Тут, понятно, не только соседи по двору вправе задаться вопросом: а все ли в порядке в голове у Ромы Гительсона из восьмой квартиры? Могу заверить всех обеспокоенных: Роман со всеми своими дырами и порталами был не дурей нас. Несметные толпы прямоходящих мечтают найти драгоценный клад, другие ждут не дождутся, когда же мешок с деньгами свалится им на голову с неба — хоть из черной дыры, хоть откуда — и сразу решит все их финансовые проблемы. О богатстве, приносящем счастье, довольно‑таки необоснованно мечтает человечество, и никто почему‑то не считает всех без разбора людей‑человеков сумасшедшими. А Рома Гительсон напрямую, без кладов и набитых деньгами мешков, мечтал о счастье, подобном райскому… Вот и судите, кто тут сумасшедший, а кто не очень. В конце концов, Владимир Маяковский, незаурядный человек, не зря утверждал, что «все мы немножко лошади». И это еще в лучшем случае.

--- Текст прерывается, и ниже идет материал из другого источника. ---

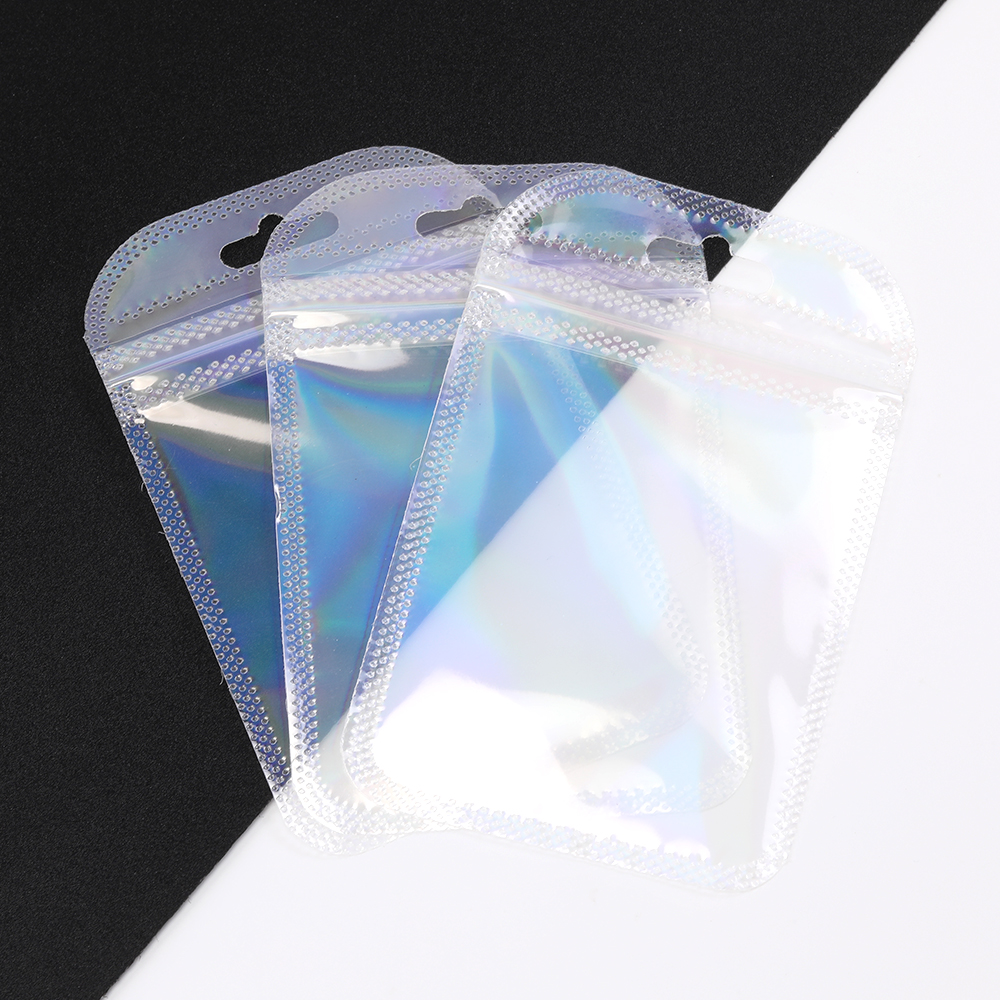 オーロラチャック袋 ラッピングポリ袋 ジュエリー袋 OPP袋 小物入れ袋 アクセサリー入れ ジプロック袋 穴あり ホワイト 20枚入り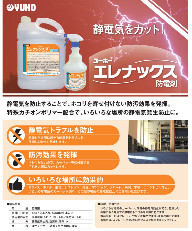 特殊カチオンポリマー配合で、いろいろな場所の静電気発生防止に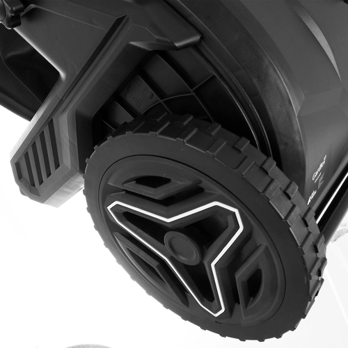 Den rummelige opsamlingspose sparer tid. Et komfortabelt håndtag med blødt greb og store hjul gør det nemt at skubbe og manøvrere.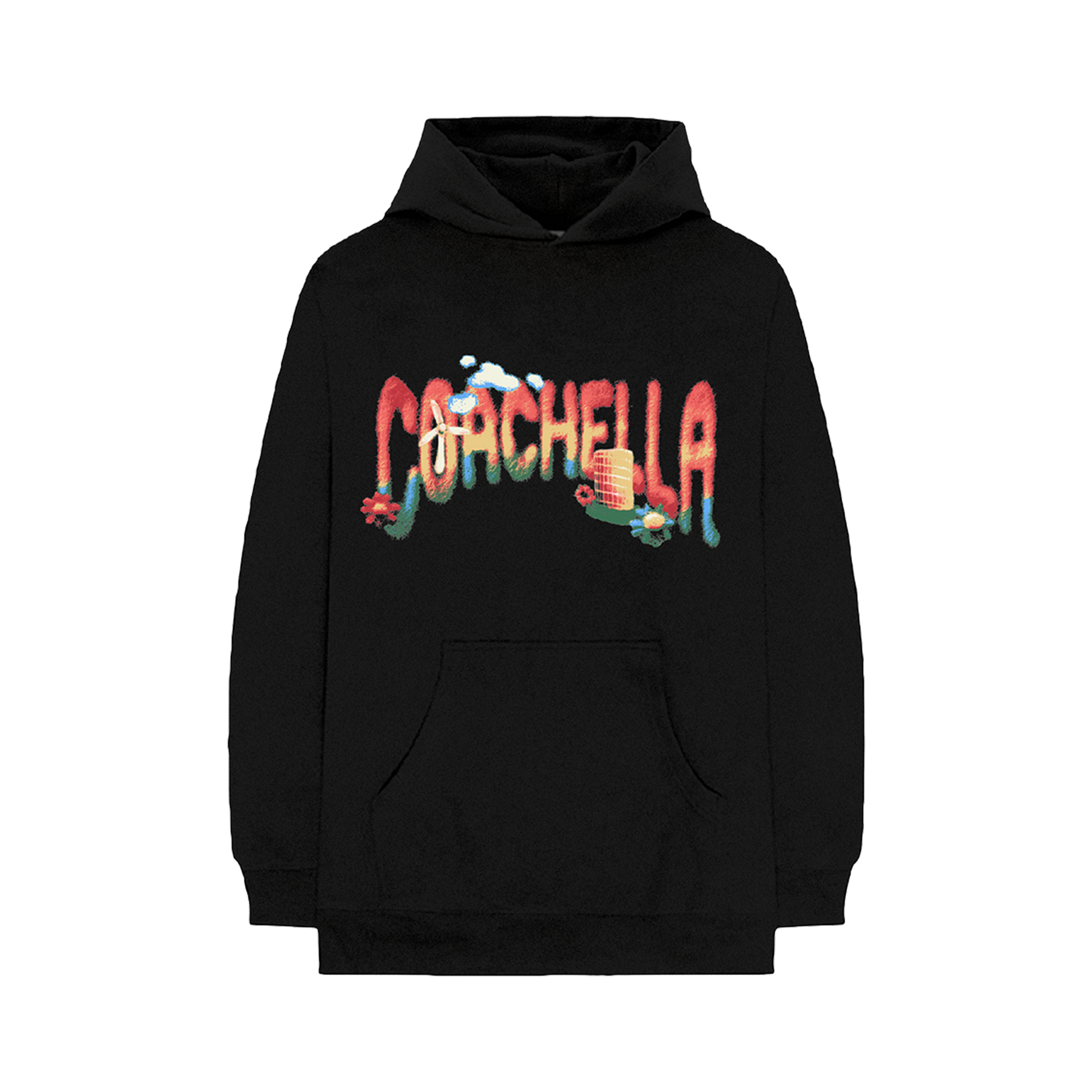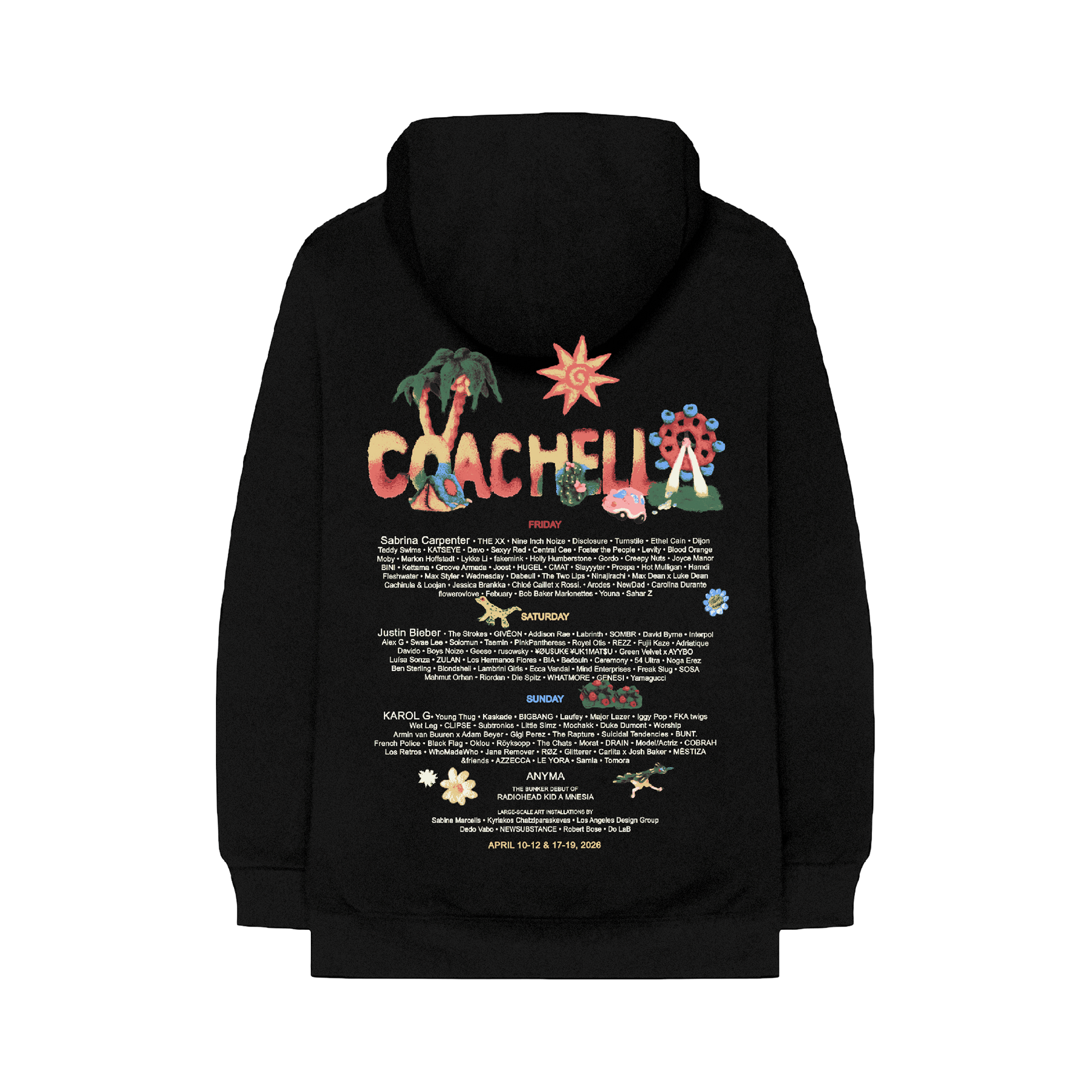 Heavyweight hoodie in black, featuring original felt-inspired logo art puff printed on the front and the 2026 Coachella lineup printed on the back. 60/40 cotton/polyester blend. Unisex, relaxed fit.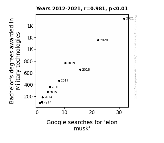 This means 96.2% of the change in the one variable (i.e., Google searches for 'elon musk') is predictable based on the change in the other (i.e., Bachelor's degrees awarded in Military technologies) over the 10 years from 2012 through 2021.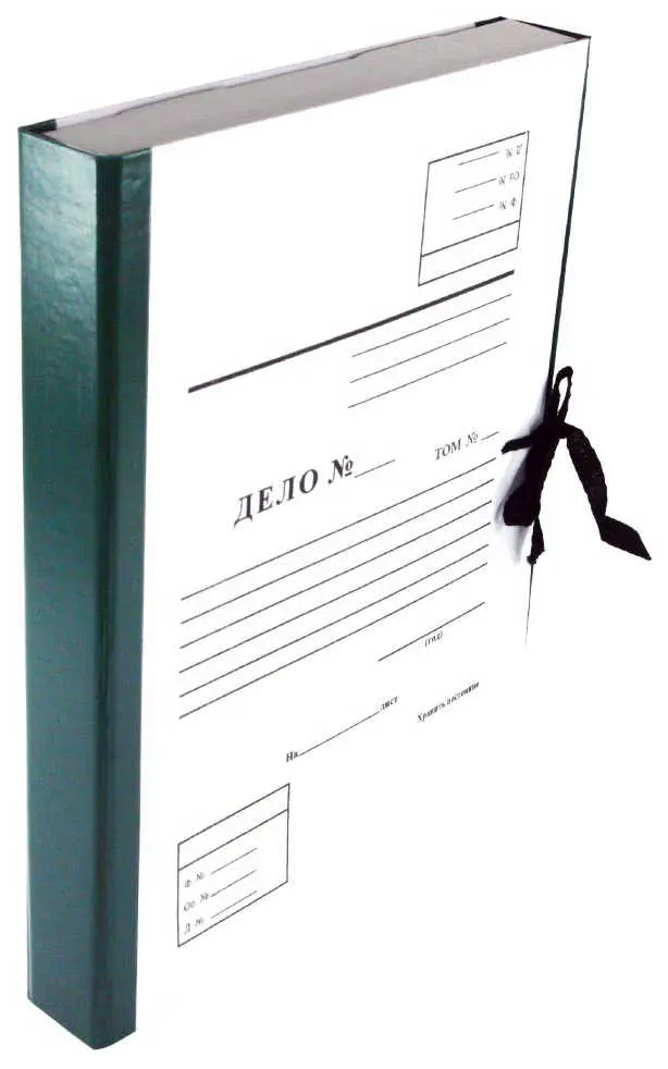 Архивный короб "Дело" А4, 35 мм, бумвинил, складывающийся, зеленый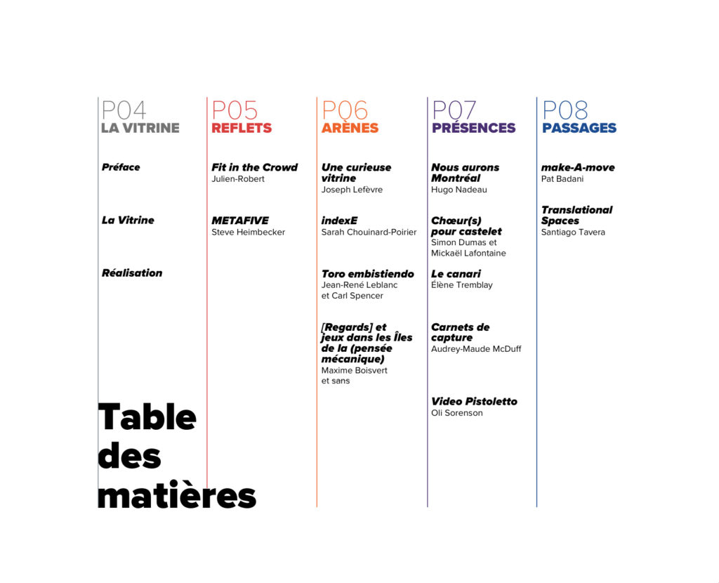 Ce livre enrichi, réalisé par la designer Isabelle Gagné, documente avec des textes, photos et vidéos les œuvres des 13 artistes et duos canadiens : Hugo Nadeau, Audrey-Maude McDuff, Pat Badani, Steve Heimbecker, Oli Sorenson, Joseph Lefèvre, Santiago Tavera, Maxime Boisvert et sans, Julien-Robert, Élène Tremblay, Jean-René Leblanc et Carl Spencer, Sarah Chouinard-Poirier, Simon Dumas et Mickaël Lafontaine.

Итак, мастеровой человек Рома не сердился и не злился. Единственное, пожалуй, что его царапало — так это усиливающееся, по мерному ходу дней и месяцев, чувство досады: мир был наполнен до краев непониманием, и это надоедало. Раньше, вспоминал Рома, такого с ним не случалось: ну, не понимают люди, что такое неземное счастье, — и хрен с ними! Но вдруг эта всеобщая глухота стала надоедать; как видно, припекло.

Чтобы избавиться от этого вяжущего чувства, Роман решил сменить хоть ненадолго привычную до колик обстановку, купил туристскую путевку в турецкую Анталью, где «все включено», и впервые в жизни покинул пределы отечества. Групповое веселье на берегу моря не захватило его и не увлекло. Делиться своими соображениями по поводу проникновения в червоточину тут было решительно не с кем: подвыпившие отдыхающие вообще не поняли бы, о чем идет речь. И все же отыскался один, какой‑то Шмулик, с которым можно было поговорить по душам, лежа на морском песке. Этот Шмулик, родом из Винницы, вот уже двенадцать лет жил в Тель‑Авиве, работал там кассиром в банке и зарабатывал неплохо: оклад плюс премиальные. Про Стивена Хокинга он что‑то слышал, а существование черных дыр охотно допускал. «У нас в Израиле и не до такого докопались!» — с энтузиазмом уверял Шмулик своего подмосковного собеседника. Узнав, что Рома никогда не был на исторической родине, Шмулик сильно удивился.

— Все были, а ты не был! — укорил он Романа Гительсона. — Ты еврей или нет?

— Ну, еврей, — согласился Рома.

— Что ж тогда не едешь, хоть посмотреть? — напирал Шмулик. — Я тебе телефон оставлю, как приедешь — сразу звони!

— Подумать надо… — промямлил Роман. — И война…

— В армию тебя уже не возьмут, — продолжал заколачивать аргументы Шмулик. — Чего тут бояться‑то?

Вечером, выпив за ужином дармового вина, Рома Гительсон призадумался над тем, а почему это, собственно говоря, до сих пор он не был в Израиле. Вон и Шмулик этот говорит: «Все были, а ты нет». Ну почему?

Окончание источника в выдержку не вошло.